3) Trump’s Remarks About A Victim Of The Communist North Korean Regime
The president detailed the plight of Mr. Ji Seong-ho, a young man who went through veritable hell to escape the clutches of the North Korean government.
“His tormentors wanted to know if he had met any Christians. He had — and he resolved to be free,” Trump said.
Reagan often spoke about religious freedom and its necessity to the American life, as he did with the late Pope John Paul II in 1984.
“I can assure you, Your Holiness, the American people seek to act as a force for peace in the world and to further the cause of human freedom and dignity. … claims of human dignity transcend the claims of any government, and that this transcendent right itself has a transcendent source.The God who gave us life, gave us liberty at the same time,” Reagan said.
4) American Heroes
“A people whose heroes live not only in the past, but all around us — defending hope, pride, and the American way,” Trump said Tuesday.

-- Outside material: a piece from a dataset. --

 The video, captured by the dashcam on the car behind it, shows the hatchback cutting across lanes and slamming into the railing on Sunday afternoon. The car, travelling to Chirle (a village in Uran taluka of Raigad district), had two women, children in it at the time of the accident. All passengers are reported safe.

“Those who say that we’re in a time when there are not heroes, they just don’t know where to look. You can see heroes every day going in and out of factory gates. Others, a handful in number, produce enough food to feed all of us and then the world beyond. You meet heroes across a counter, and they’re on both sides of that counter. There are entrepreneurs with faith in themselves and faith in an idea who create new jobs, new wealth and opportunity. They’re individuals and families whose taxes support the government and whose voluntary gifts support church, charity, culture, art, and education. Their patriotism is quiet, but deep. Their values sustain our national life,” Reagan said in 1981.
5) American Legacy
“That is what our country has always been about. That is what Americans have always stood for, always strived for, and always done. Atop the dome of this Capitol stands the Statue of Freedom. She stands tall and dignified among the monuments to our ancestors who fought and lived and died to protect her,” Trump said.

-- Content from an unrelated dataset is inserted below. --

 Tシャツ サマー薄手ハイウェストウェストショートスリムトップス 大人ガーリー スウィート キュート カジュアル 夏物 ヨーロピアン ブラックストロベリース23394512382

“Monuments to Washington and Jefferson — to Lincoln and King. Memorials to the heroes of Yorktown and Saratoga — to young Americans who shed their blood on the shores of Normandy, and the fields beyond,” the president said. “And others, who went down in the waters of the Pacific and the skies over Asia. And freedom stands tall over one more monument: this one. This Capitol. This living monument to the American people.”
Reagan’s farewell address to the nation in 1989 painted a similar picture.

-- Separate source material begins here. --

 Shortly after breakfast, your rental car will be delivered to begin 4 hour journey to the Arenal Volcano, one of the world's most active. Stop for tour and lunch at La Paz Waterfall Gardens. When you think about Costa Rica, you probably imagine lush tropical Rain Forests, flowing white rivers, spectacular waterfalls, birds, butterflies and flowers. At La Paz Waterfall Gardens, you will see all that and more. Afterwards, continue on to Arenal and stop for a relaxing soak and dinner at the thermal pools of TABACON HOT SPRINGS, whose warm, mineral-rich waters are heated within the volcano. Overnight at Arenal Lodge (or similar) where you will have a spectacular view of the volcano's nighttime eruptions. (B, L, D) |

“I’ve spoken of the shining city all my political life, but I don’t know if I ever quite communicated what I saw when I said it. But in my mind, it was a tall proud city built on rocks stronger than oceans, wind swept, God blessed, and teeming with people of all kinds living in harmony and peace – a city with free ports that hummed with commerce and creativity, and if there had to be city walls, the walls had doors, and the doors were open to anyone with the will and the heart to get here,” Reagan said.
“And how stands the city on this winter night? More prosperous, more secure and happier than it was eight years ago. But more than that: after 200 years, two centuries, she still stands strong and true on the granite ridge, and her glow has held steady no matter what storm. And she’s still a beacon, still a magnet for all who must have freedom, for all the Pilgrims from all the lost places who are hurtling through the darkness, toward home.”